When i just read my csv file into a pandas dataframe, it is able to detect which are the numerical columns. However, it will give me the specify dtype or low memory error warning.
df = pd.read_csv('myfile.csv')
df_not_num = df_raw.select_dtypes(exclude =[np.number,np.int16,np.bool,np.float32])
print len(df)
>>>200
print len(list(df_not_num))
>>> 10
Then i try to specify a dtype: dtype='unicode'
But this causes all my columns to be objects.
It is too much manual work to speicfy each dtype per column name when reading the CSV into a dataframe.
pd.read_csv('myfile.csv', dtype = 'unicode')
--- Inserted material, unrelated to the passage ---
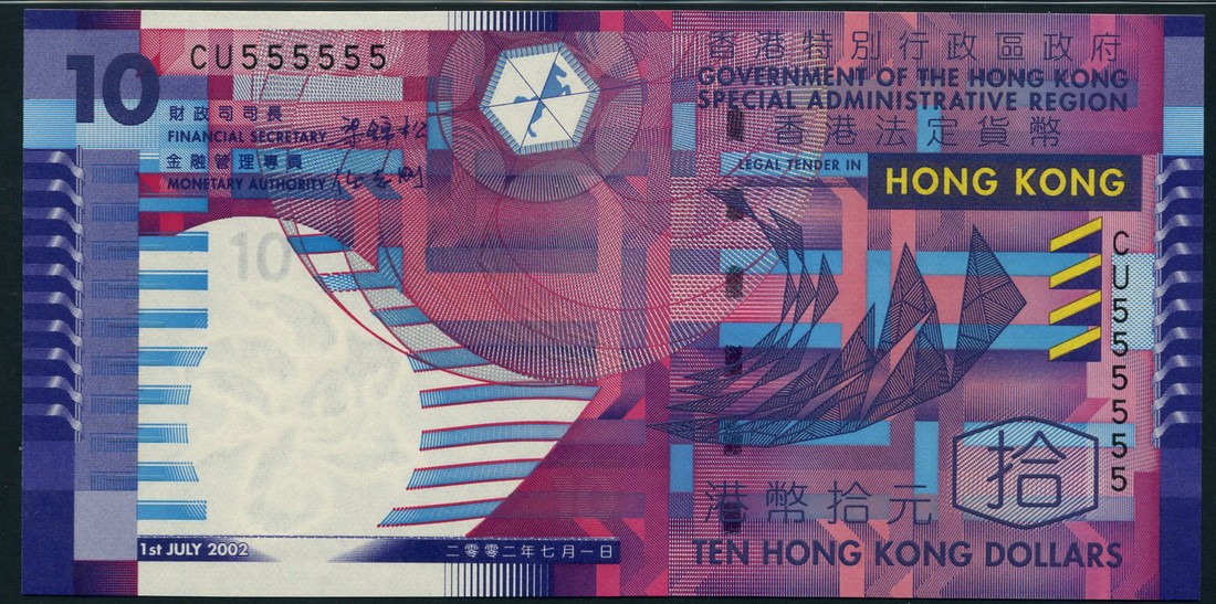 Government of Hong Kong, 10 dollars, 2002, serial number CU555555, multicoloured abstract design,

df_not_num = df_raw.select_dtypes(exclude =[np.number,np.int16,np.bool,np.float32])
print len(df)
>>>>200
print len(list(df_not_num))
>>> 200
So the only way to avoid the low memory warning is to specify a dtype. But how do i specify that i have mixed dtypes for different columns without having to manually specify the dtype of each of the 200 columns?
read_csv. You either have to specify particular types for some columns by passing a dict, e.g.:{‘a’: np.float64, ‘b’: np.int32}or specify one dtype, which will try to be applied to all columns, or none. Also, there is no "varchar" type in Python.